28 de janeiro de 2010

ALDEIA GLOBAL – É preciso reinventar o Judiciário brasileiro



Em entrevista publicada pelo jornal O Globo do dia 3 de janeiro desse ano, sob o título “O Judiciário precisa ser reiventado”, o ministro do STF Joaquim Barbosa declara que “juízes tem responsabilidade pelo aumento da corrupção” no país. O assunto não obteve a repercussão que merecia, em parte diante das tragédias ocorridas na passagem do ano, em Angra e na Ilha Grande, e nos dias seguintes, em diversos pontos de outros estados. Poucos devem ter se dado conta disso, mas tratam-se das duas faces da mesma moeda. Quantos problemas poderiam ser evitados, se dispuséssemos de uma Justiça ágil e competente?
As inquietações do ministro Joaquim Barbosa com relação à ética no Judiciário são relevantes, como mostrou o noticiário dos últimos dias, passadas apenas algumas semanas da entrevista, nos dando conta que o Conselho Nacional de Justiça afastou o Corregedor-geral do Tribunal de Justiça do Rio de Janeiro, desembargador Roberto Wider, por diversas suspeitas, entre as quais a formação de quadrilha e venda de sentenças. Venda de sentenças? Quer dizer que as leis perderam seu significado, e que a Justiça é só um produto ao alcance de quem paga mais?

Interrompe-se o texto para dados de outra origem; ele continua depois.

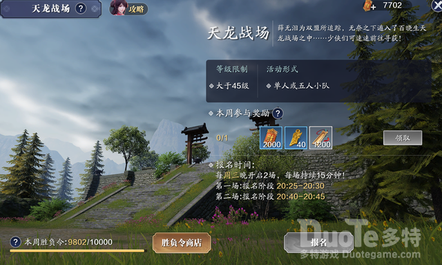 竞技里获取胜负令一共有四种方法其中一种是限时的也就是我们所说的战场,还有三种就是一对一论剑和5v5战场。
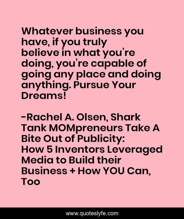 This page presents the quote "Whatever business you have, if you truly believe in what you’re doing, you’re capable of going any place and doing anything. Pursue Your Dreams!". Author of this quote is Rachel A. Olsen, Shark Tank MOMpreneurs Take A Bite Out of Publicity: How 5 Inventors Leveraged Media to Build their Business + How YOU Can, Too. This quote is about start-up, entrepreneurship, business, success, inspiration,.
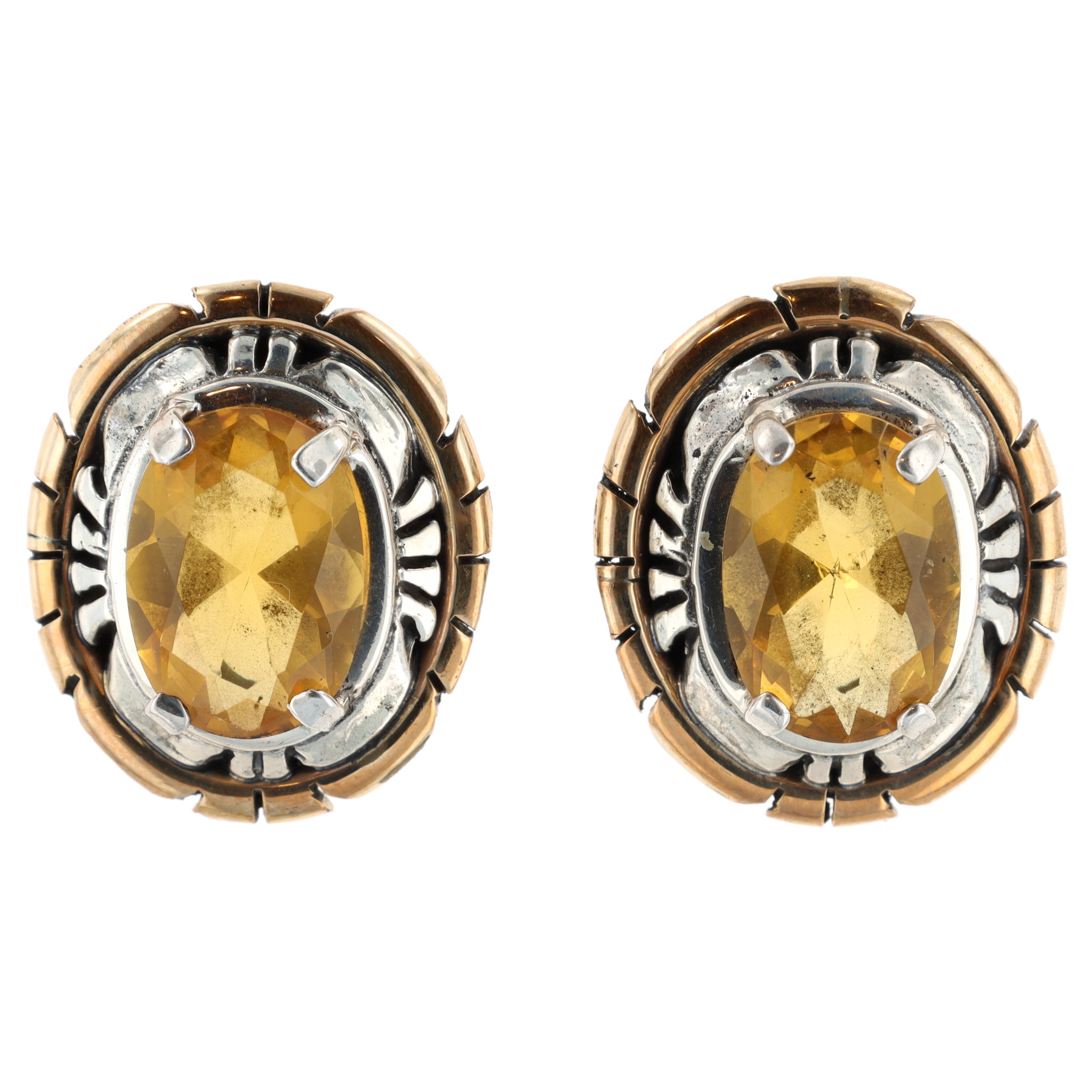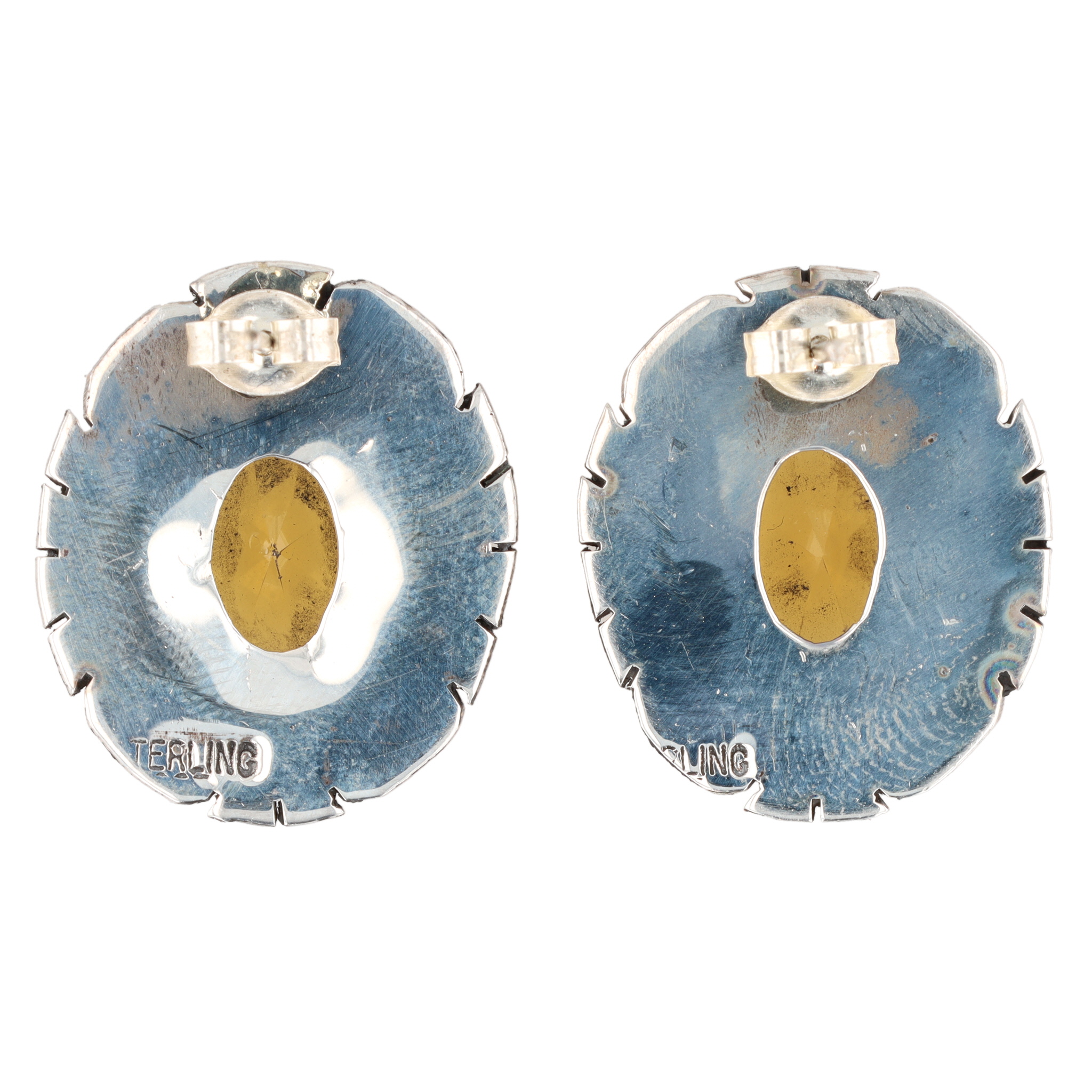 Russell Sam Navajo Sterling Citrine Earrings 13g
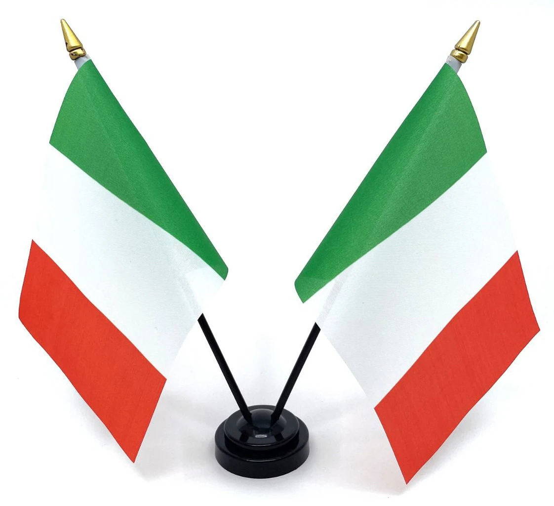 Sada stolních vlajek “ITÁLIE” s černo/zlatým stožárem.
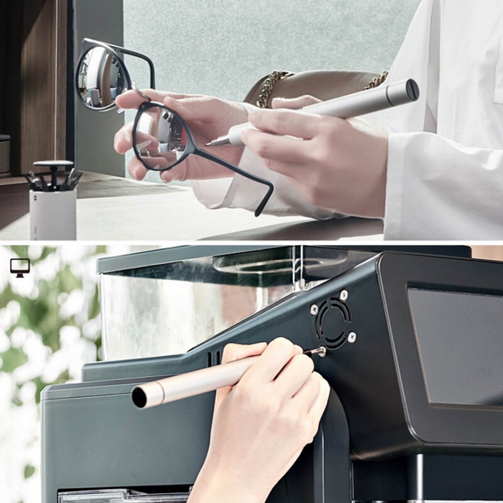 3. Slim aluminum alloy housing with pen shape design, built-in 2 x AAA batteries can work 8 hours continuously.
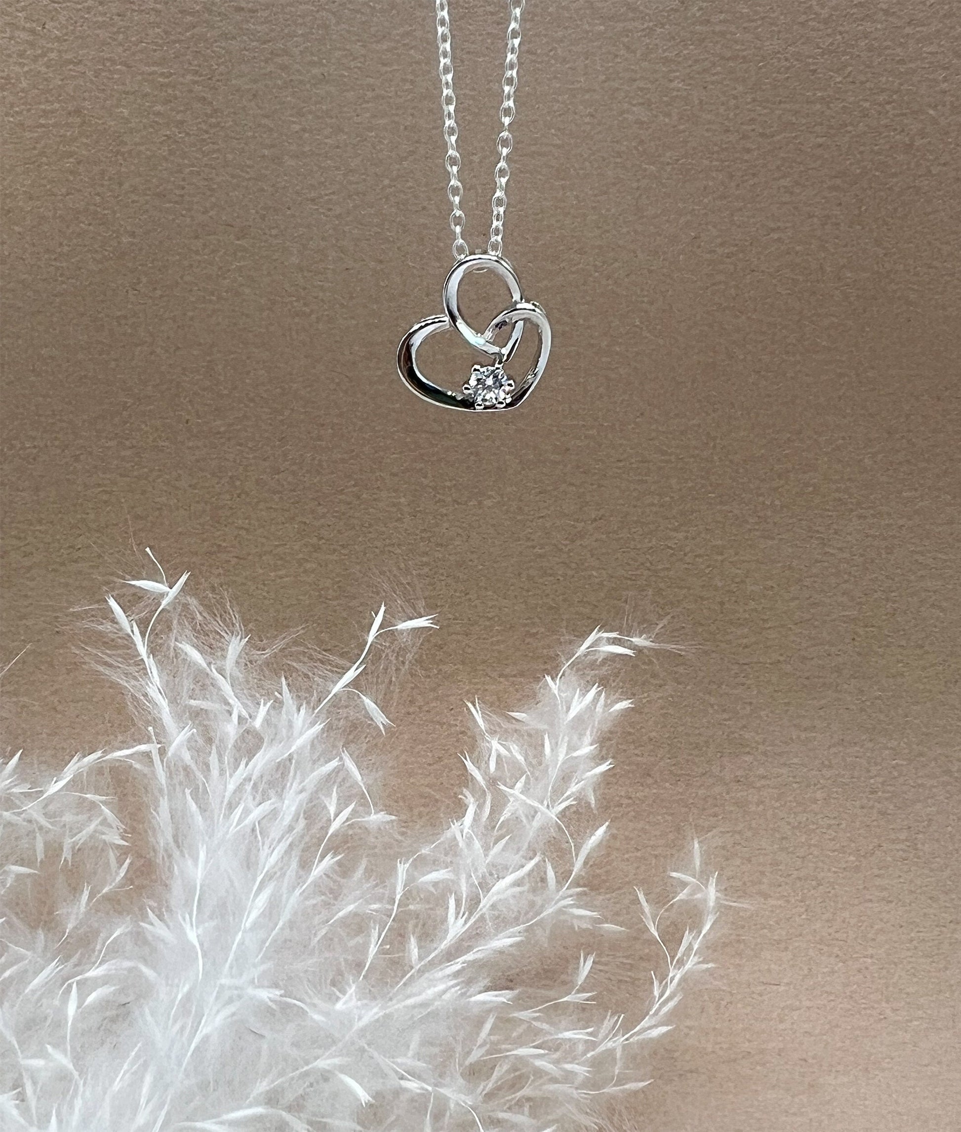 VVS1 Moissanite Heart Necklace: Rhodium Plated Sterling Silver

Qualquer pessoa razoavelmente informada, sabe que isso acontece. A maioria, desinformada, não se sabe. Entre os que sabem, só uma minoria se manifesta. Os demais acham que não têm nada com isso, e enquanto omissos também são cúmplices dessa situação. É bom lembrar que ninguém está livre de, um dia desses, a injustiça bater à sua porta. Muito poucos têm a coragem de se expor, e protestar, denunciar, exigir mudanças. E me devolve um pingo de esperança que, entre os que se manifestam, esteja um ministro do STF.
Entre outras declarações, o ministro Joaquim Barbosa diz que “a impunidade é hoje um problema crucial no país. A impunidade no Brasil é planejada, é deliberada. As instituições concebidas para combatê-la são organizadas de forma que elas sejam impotentes, ineficazes na prática de ter uma ação eficaz”. Ele diz ainda “A Polícia e o Ministério Público, não obstante as suas manifestas deficiências e seus erros e defeitos pontuais, cumprem razoavelmente o seu papel. Porém, o Poder Judiciário tem uma grande parcela de responsabilidade pelo aumento das práticas de corrupção em nosso país”.
“A generalizada sensação de impunidade verificada hoje no Brasil decorre em grande parte de fatores estruturais, mas é também reforçada pela atuação do Poder Judiciário, das suas práticas arcaicas, das suas interpretações lenientes e muitas vezes cúmplices para com atos de corrupção, e sobretudo, com a sua falta de transparência no processo de tomadas de decisões”. Enfim, falou a autoridade, e eu não conseguiria dizer melhor.
Vale acrescentar que, mais que a impunidade propriamente, a certeza da impunidade é a principal cúmplice da delinqüência, da criminalidade, do abuso de poder e da arrogância dos poderosos. Uma Justiça lenta e complicada já garante que um minoria de réus seja penalizada. E as condenações decrescem, na medida do poder econômico dos acusados. O caso do afastamento do desembargador Roberto Wider da Corregedoria-geral do TJ-RJ é uma raridade, diante da quantidade questões que envolvem membros do Judiciário, e que por conta de um injustificável corporativismo, perdem-se no tempo, sem apuração ou condenação.
Juizes, em qualquer país do dito “primeiro mundo”, precisam ser pessoas acima de qualquer suspeita. Ministros de tribunais superiores deveriam ser eleitos por mérito e competência, e não por decisões políticas, como ocorre entre nós. Não é à toa que os criminosos dos filmes estrangeiros fogem para o Brasil. Nosso país se transformou em sinônimo de impunidade. Nosso Judiciário vivou piada, e piada de mau gosto. Se você acha que tudo bem, continue calado ou calada. Por que eu, mesmo correndo o risco de continuar falando ou escrevendo sozinha, não vou perder a oportunidade de fazer o meu protesto, e engrossar a corrente da qual, para minha admiração, o ministro Joaquim Barbosa passou a fazer parte. Eu sou cidadã, mereço respeito. E quero, no meu país, uma Justiça que mereça esse nome.